Meet the new boss – and imagine a better future

By Ian Henry, Owner and Managing Director of AutoAnalysis and Visiting Professor at the Centre for Brexit Studies.

Having been notable for his silence since arriving as CEO of JLR last year, Thierry Bolloré strode onto a stage at the Gaydon HQ on February 15 to announce Project Reimagine, charting a path to an all-electric, carbon-neutral and hopefully profitable future.   Whether the new strategy will work will become apparent over the next few years, but after a period of soul-searching and tough cost-cutting, it does seem as though JLR has a plan, and a man at the top with the drive to deliver it.

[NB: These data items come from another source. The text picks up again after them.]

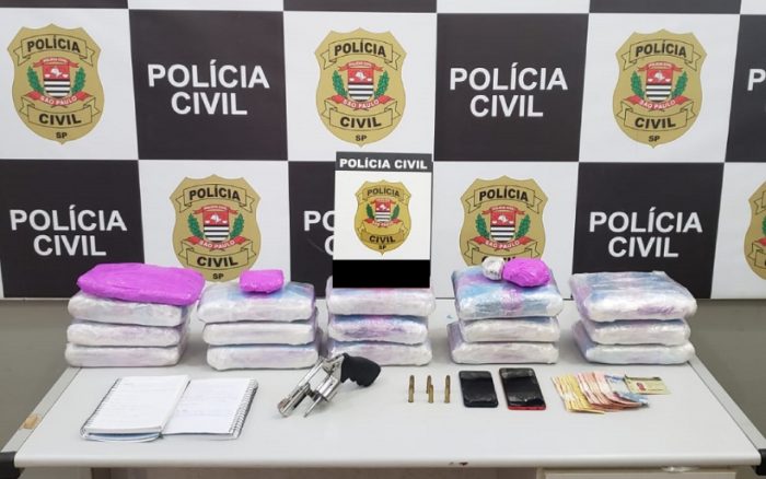 A Polícia Civil prendeu um homem, de 28 anos, por tráfico de drogas e posse ou porte ilegal de arma de fogo, na última sexta-feira (26), em Ribeirão Preto. Na ação, 19 tijolos de maconha e um revólver foram apreendidos.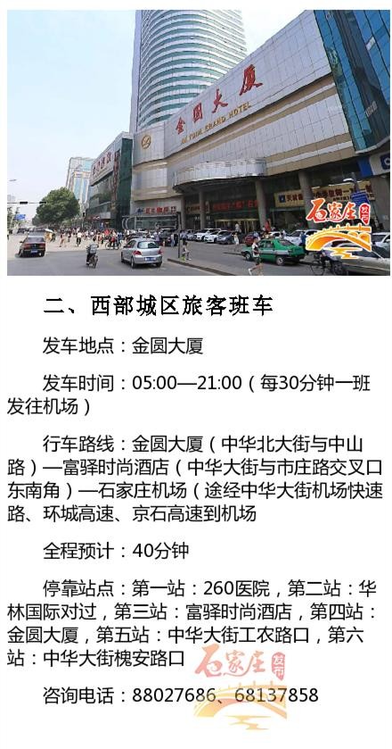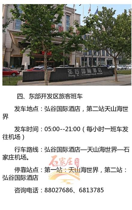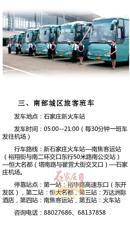 温馨提示:市区到石家庄机场的旅客班车不对应航班起飞时刻,自早上5:00-晚21:00整点和半点发车,每半小时一班,班车由市区至机场正常的运行时间约为50分钟,因交通堵车或其它不可抗拒的原因造成误机,公司不承担责任,为了不耽误出行,建议在航班起飞前90分钟到达机场。旅客随身的行李物品(小件行李可放在行李专座上),贵重物品随身携带,如大件行李上车需根据司机提示放置于班车行李箱内,下车时凭行李条提取。
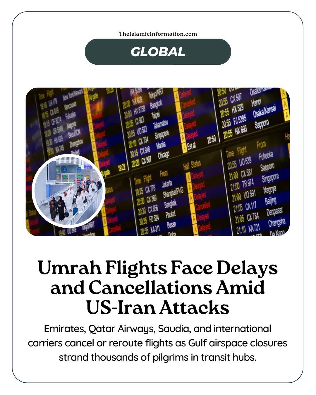 Situasi tersebut turut memberi kesan kepada sebahagian jemaah umrah dari pelbagai negara yang terpaksa menunggu lebih lama untuk pulang ke tanah air selepas menunaikan ibadah di Tanah Suci.

Jaguar will be reinvented as a purely electric brand – and have an entirely new model line-up.  The planned XJ replacement has been cancelled (as has presumably the associated Range Rover version).  The current Jaguar line-up will be allowed to continue until the end of each model’s life.  Future Jaguars, which will be made at Solihull not Castle Bromwich, will be made on a distinct platform separate from Land Rovers. 

Given Jaguar’s at best modest volumes, the likelihood is that the base platform, and no doubt many components, will be sourced from another vehicle company, possibly BMW.   The cost of developing electric platforms is significant and if Ford feels it has to rely on VW technology to get into EVs then there is no reason why Jaguar should not do the same.

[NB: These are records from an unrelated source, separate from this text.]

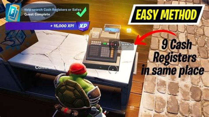 Stage 1 – Open a cash register (12,000 XP) Cash registers in Fortnite are pretty abundant so to speak. Their spawn rate is unknown but then again, they spawn throughout all commercial buildings on the island. All you need to do is head inside one of these buildings and interact with the cash registers at the counter.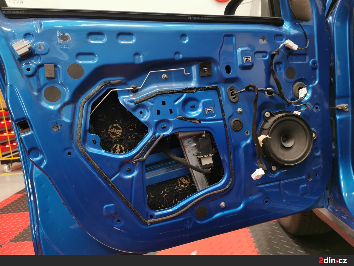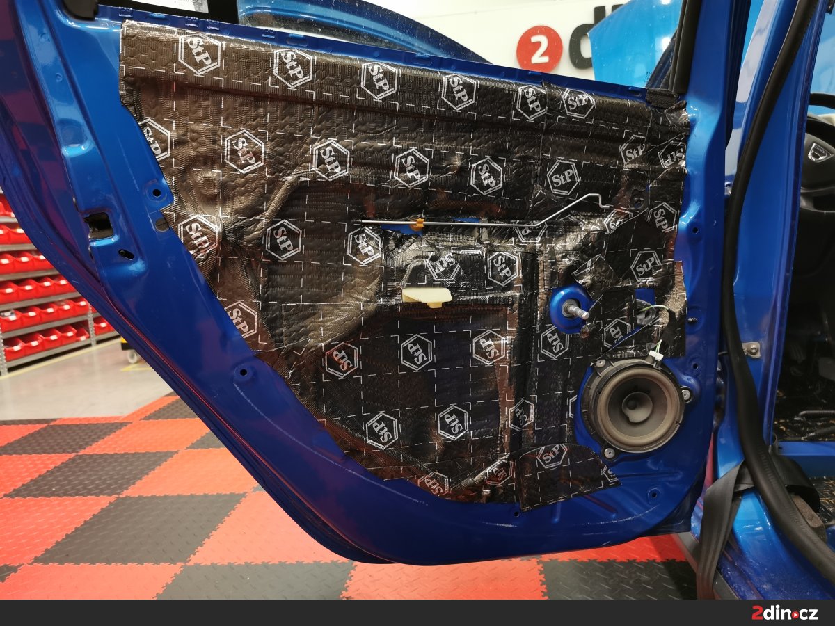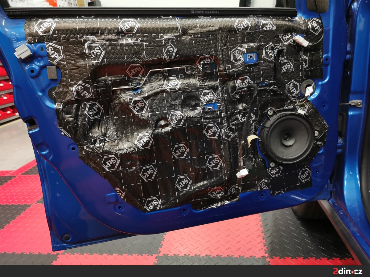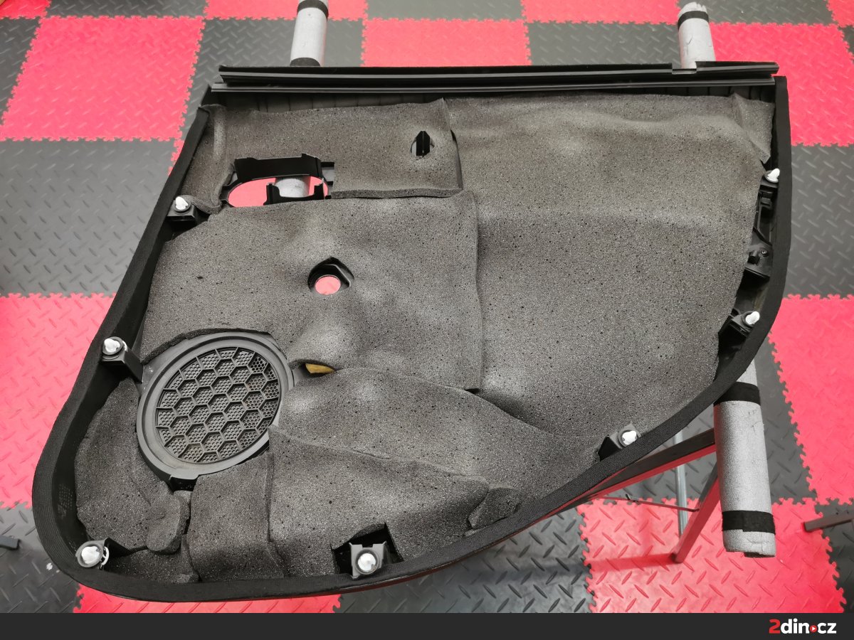 Dveře byly odhlučněny komplexním systémem tří vrstev. Prvním krokem bylo použití STP Black Gold Camo na vnější plech, kde tento materiál zpevňuje konstrukci a eliminuje rezonance. Na vnitřní plech byl aplikován STP Black Silver, který je tenčí, ale velmi účinný na menších plochách. Výplň dveří byla ošetřena akustickou pěnou STP Biplast 10, která pohlcuje zvuk zvenčí a zabraňuje kontaktu mezi plastovými a kovovými díly. Výsledkem je tišší a pevnější dveřní konstrukce, která nevrže a funguje jako vhodná ozvučnice pro reproduktory.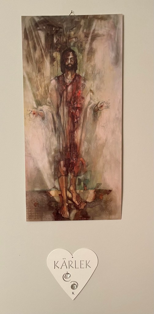 Jag tycker hjärtat passar fint nedanför planschen med Jesus. Jesus har gett sitt liv för mig på korset och det var den största kärlekshandling som har utförts.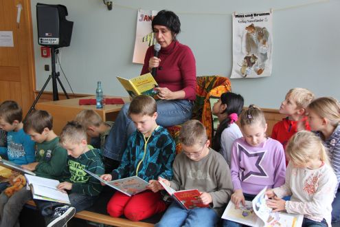 Auf der Reise durch ein Geschichtenbuch Kinderbuchautorin Andrea Karime mit ein paar ihrer Zuhörer/innen (Foto:Renate Dengel)(rd) Eine lustige und zugleich spannende Vorlesestunde durften die Zweitklässler der Dr. Weiß-Grundschule am Mittwoch in der Stadtbücherei erleben.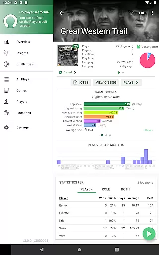 Statistical analysis is another key strength of BG Stats. Users can view detailed breakdowns of game plays, player performance, and time-based insights through various charts and graphs. The Power Expansion adds advanced filtering, role-based statistics, and heat maps, while the Challenges expansion introduces customizable gaming goals. Cloud sync functionality ensures data consistency across devices, making it an essential tool for serious board gamers.
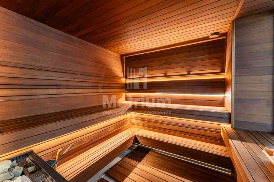 Планировка дома продумана до мелочей: на первом этаже расположены просторный холл, гардеробная, постирочная, современная кухня, столовая с выходом на веранду и дровяным камином-барбекю, гостиная с паровым камином, кабинет, гостевой санузел, котельная, гостевая спальня, и роскошная спа-зона (200 кв.м!) с бассейном 10х5 м, сауной, хамамом, тремя душевыми и зоной отдыха. Второй этаж включает в себя просторный холл со вторым светом, главный спальный блок (100 кв.м) с выходом на террасу, два детских блока с гардеробными и ванными, и гостевую спальню. Отдельно стоящий гараж на два автомобиля с квартирой для персонала и гостевая парковка на 8 машин обеспечат комфорт для вас и ваших гостей. Участок площадью 100 соток разделен на три зоны: въездная группа, придомовая территория с террасой и очагом, и большая лужайка с выходом к реке Истра.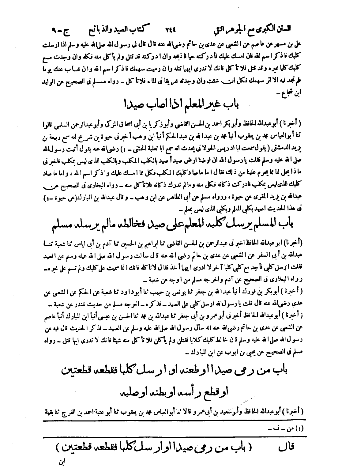[قال (باب من رمى صيدا أو ارسل كلبا فقطعه قطعتين) ]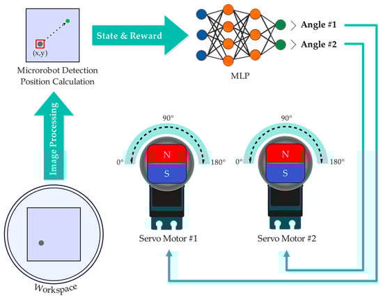 The SAC and TRPO algorithms were implemented on an Acer Aspire 3 A315-57G-77K6 laptop (Acer Inc., New Taipei City, Taiwan) with an Intel i7 1065G7 CPU and 8 GB RAM (Intel Corporation, Santa Clara, CA, USA). This laptop received the microrobot’s position via the overhead camera and image processing, then transmitted the permanent magnet angles to the Raspberry Pi through a TCP/IP communication protocol using a local Wi-Fi network and the socket library in Python. After receiving the data, the Raspberry Pi sent it to the PCA9685 driver module through the I2C communication protocol, and this module transmitted the obtained angles to the corresponding servo motors (Figure 5).

With Land Rover, two platforms will be used: one for the Evoque and Discovery Sport made at Halewood (and presumably China) and a larger one for the larger Range Rovers to be made at Solihull, and presumably also for the replacements for the models made at JLR’s factory in Slovakia.

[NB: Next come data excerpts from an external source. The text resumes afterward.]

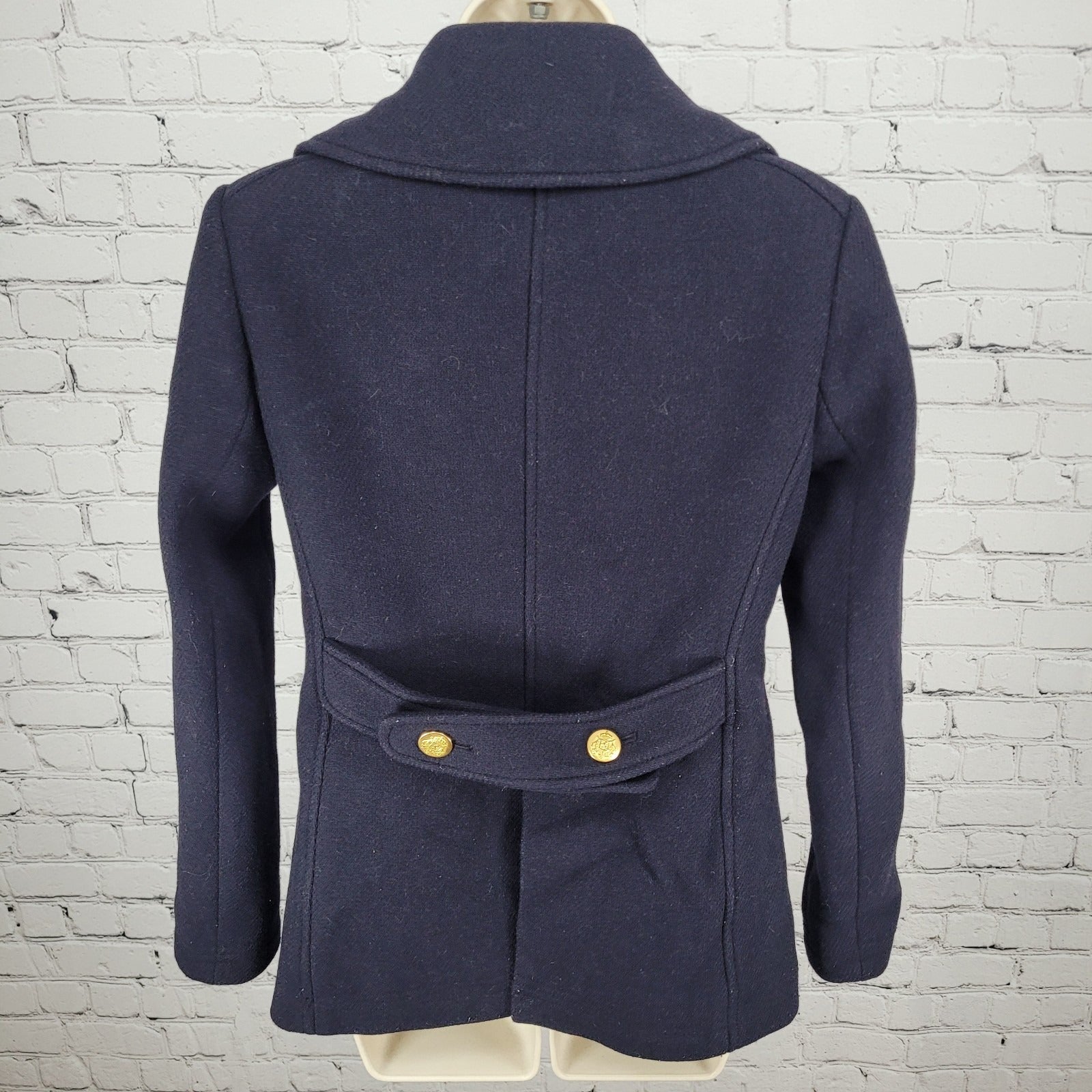 J.CREW Stadium Cloth By Nello Gori Navy Wool Blend Buttoned Pea Coat Size 2
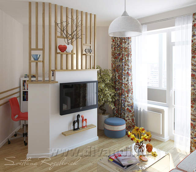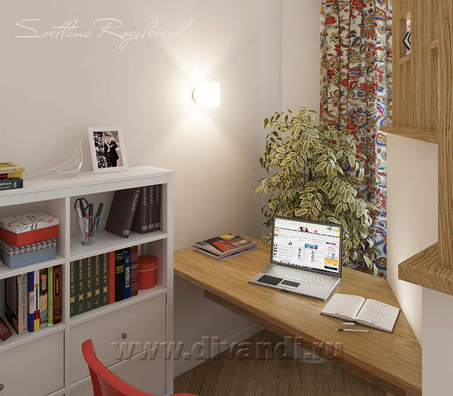 Планировочное решение при такой конфигурации комнаты родилось практически сразу – рабочий стол с невысоким стеллажом расположился за перегородкой в проблемном углу, что позволило удобно организовать зону отдыха. Трансформирующийся диван может использоваться в качестве спального места для гостей.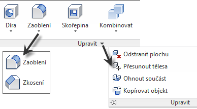 Některé příkazy byly přesunuty z hlavního panelu na dílčí panel nebo do rozevíracího seznamu na panelu. Například v souboru součásti (IPT) na panelu Upravit na kartě 3D model je přehlednější prostředí, které ve výchozím nastavení zobrazuje méně příkazů. Ostatní příkazy panelu Upravit jsou přesunuty do rozevírací nabídky nebo na rozbalený panel Upravit: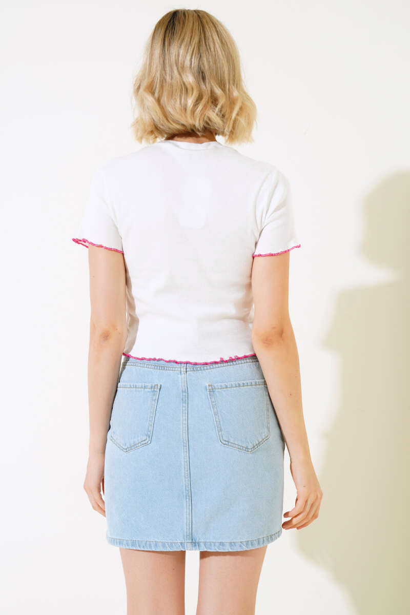 Kalp Baskılı Önü Büzgülü T-shirt Ekru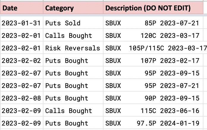 SBUX continues seeing put buys daily, overall from what I’m seeing unusual put buys outpace call buys by quite a bit. Today more puts bought at 97.5 in January
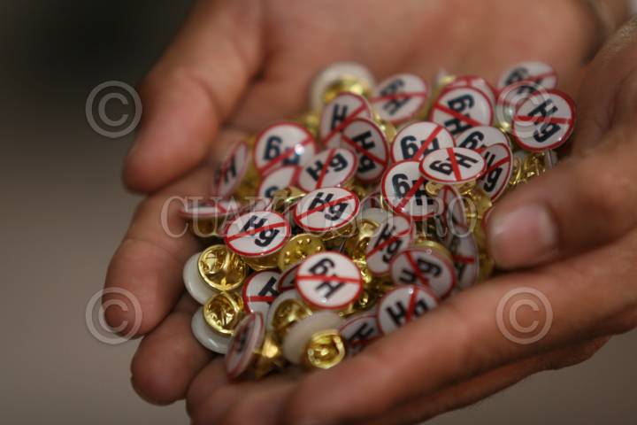 MÉXICO D.F. 30JUNIO2008.-Se realizó la Conferencia Internacional sobre la Sustitución y Reducción del Uso de Mercurio en Hospitales. En la imagen un enfermero muestra botones con el símbolo del Mercurio censurado. FOTO: GUILLERMO PEREA/CUARTOSCURO.COM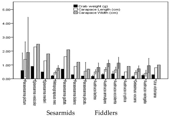 The crab size in terms of weight, carapace length and width for 14 species is shown in Figure 3. Crab weight varied from 0.17 to 0.36 g for fiddlers, and from 0.22 to 0.90 g for sesarmids. It was the highest in Austraca occidentalis and Episesarma versicolor, and the lowest in Gelasimus vocans and Metopograpsus messor. The crab weight was in correlation with carapace width (r = 0.95), carapace length (r = 0.93), BOD (r = 0.92), MBL (r = 0.48), TBL (r = 0.44), TBD (r = 0.44), and BV (r = 0.38).

Bolloré emphasised that chasing volume would no longer be a part of JLR’s plans.  Profitability, specifically double digit EBIT percentages and a positive cash position net of debt by 2025 were the order of the day.  The new boss is certainly ambitious and in a hurry.

In an industry increasingly dominated by giants and in which the financial resources to switch to electric vehicles are vast, this may be JLR’s last chance to survive as an independent operator.    Its brands have undoubted cachet and value; Tata surely wants to make a success of its long term holding and may well have found a CEO who can make a success of JLR. 

But achieving success will not be without major challenges: finding a way to fit batteries with sufficient range into the Range Rover and finding a way to make use of Castle Bromwich are two of the specific issues which have to be addressed quickly.  But perhaps the bigger challenge, which the old JLR boss, Ralf Speth, also faced is how to deal with a multiplicity of brands and vehicles families – Jaguar, Land Rover, Range Rover, Discovery and Defender – when its total volumes are comparatively low. 

The days of going for 1m units are behind it.  Going ahead, JLR is likely to make 500-600,000 worldwide, in the UK, Slovakia and China. Doing so and achieving a double digit EBIT return by 2025 with a still diverse and arguably too complex a model range will tax Bolloré’s management credentials to the hilt.